TRY IT: Every line from the one with "7月29日08時(shí)至" through the end of the material below, both ends included, should be transcribed exactly, without pictures.
※ ※ ※
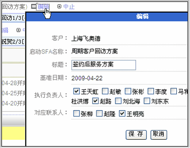 在这个界面,可以编辑标题、执行负责人和对应联系人。保存后,没有执行的事件会随之变化(包括执行人和对应接收联系人)。
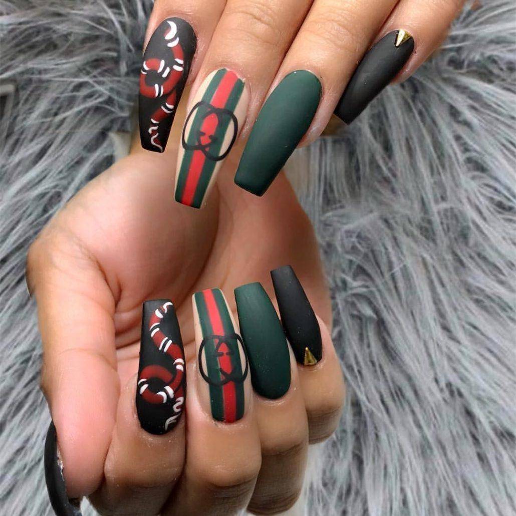 Очень эффектно выглядит на длинных ногтях 3D рисунок, который имитирует кожу рептилии. Аккуратные чешуйки наносят при помощи гель-лака или рисуют акриловыми красками, используя разные оттенки. Также на длинных ногтях очень актуально выполнять модный и стильный дизайн в стиле Gucci.
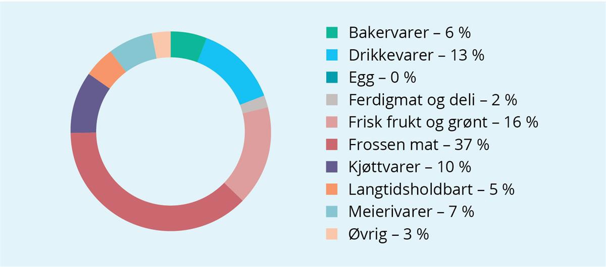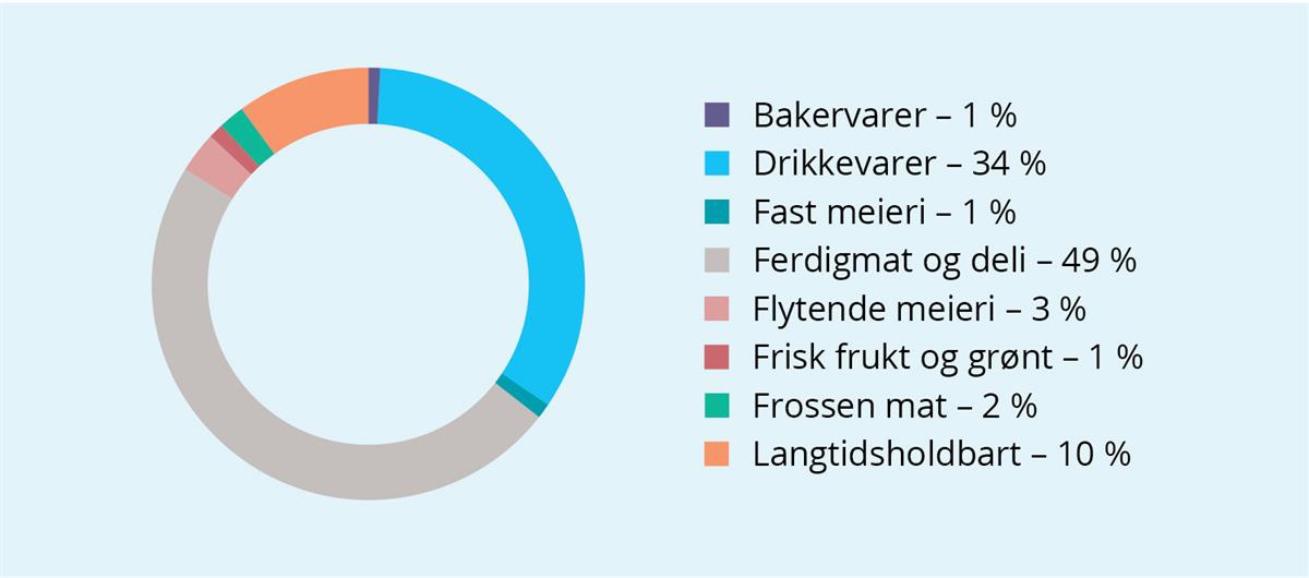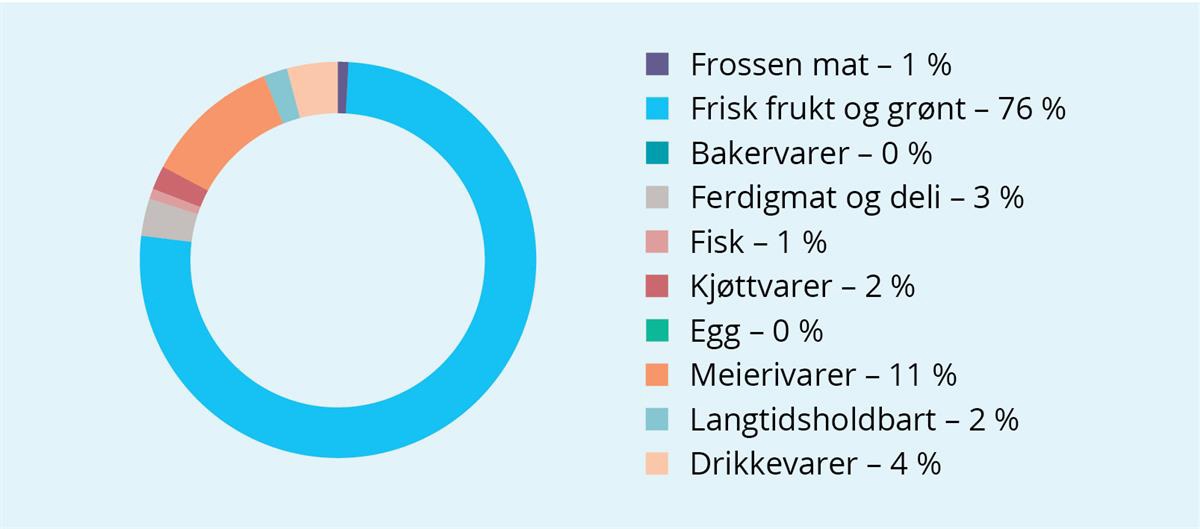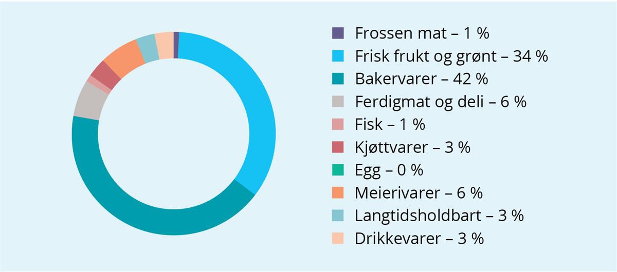 Datagrunnlaget for hvordan matsvinnet fordeler seg for ulike varegrupper er veldig usikkert, men sektorrapporten viser at matsvinnet er størst i varegruppene ferdigmat, frukt og grønt og bakervarer.
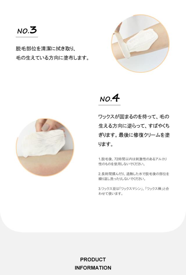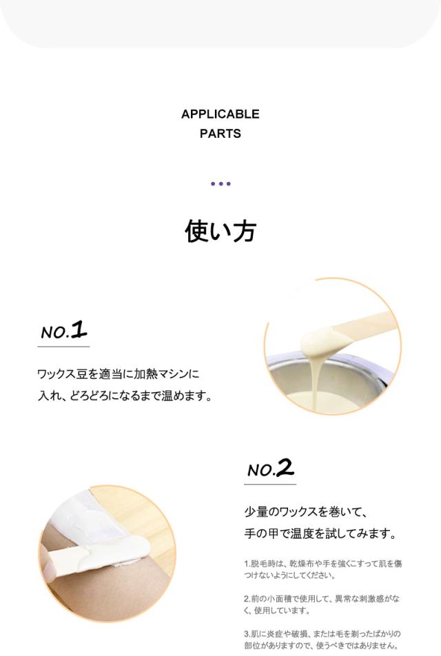 ●加熱しすぎたワックスを使用すると、肌が赤くなったり火傷をするおそれがあります。
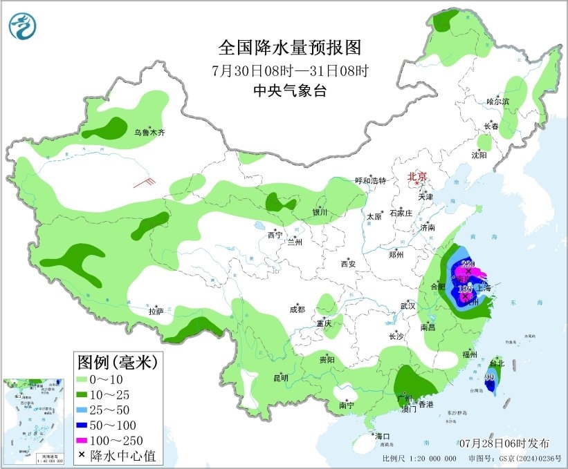 7月29日08時(shí)至30日08時(shí),內(nèi)蒙古東北部、黑龍江北部、吉林中部、遼寧北部、江蘇南部、上海、浙江中東部、臺灣島中南部、廣東南部等地的部分地區(qū)有大到暴雨,其中,浙江中東部等地的部分地區(qū)有大暴雨(100~200毫米)。內(nèi)蒙古東部有4~5級風(fēng)。東海大部海域、臺灣以東洋面偏南海域、巴士海峽將有7~8級、陣風(fēng)9級的西南風(fēng),臺風(fēng)中心經(jīng)過的附近海域風(fēng)力可達(dá)9~10級、陣風(fēng)11~12級。
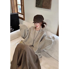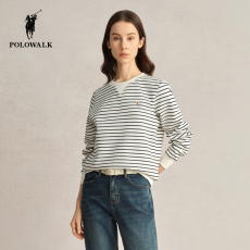 POLOWALK圆领条纹卫衣女士秋冬新款宽松慵懒风套头长袖上衣女
※ ※ ※
RESPONSE TO THIS EXERCISE:
 7月29日08時(shí)至30日08時(shí),內(nèi)蒙古東北部、黑龍江北部、吉林中部、遼寧北部、江蘇南部、上海、浙江中東部、臺灣島中南部、廣東南部等地的部分地區(qū)有大到暴雨,其中,浙江中東部等地的部分地區(qū)有大暴雨(100~200毫米)。內(nèi)蒙古東部有4~5級風(fēng)。東海大部海域、臺灣以東洋面偏南海域、巴士海峽將有7~8級、陣風(fēng)9級的西南風(fēng),臺風(fēng)中心經(jīng)過的附近海域風(fēng)力可達(dá)9~10級、陣風(fēng)11~12級。
 POLOWALK圆领条纹卫衣女士秋冬新款宽松慵懒风套头长袖上衣女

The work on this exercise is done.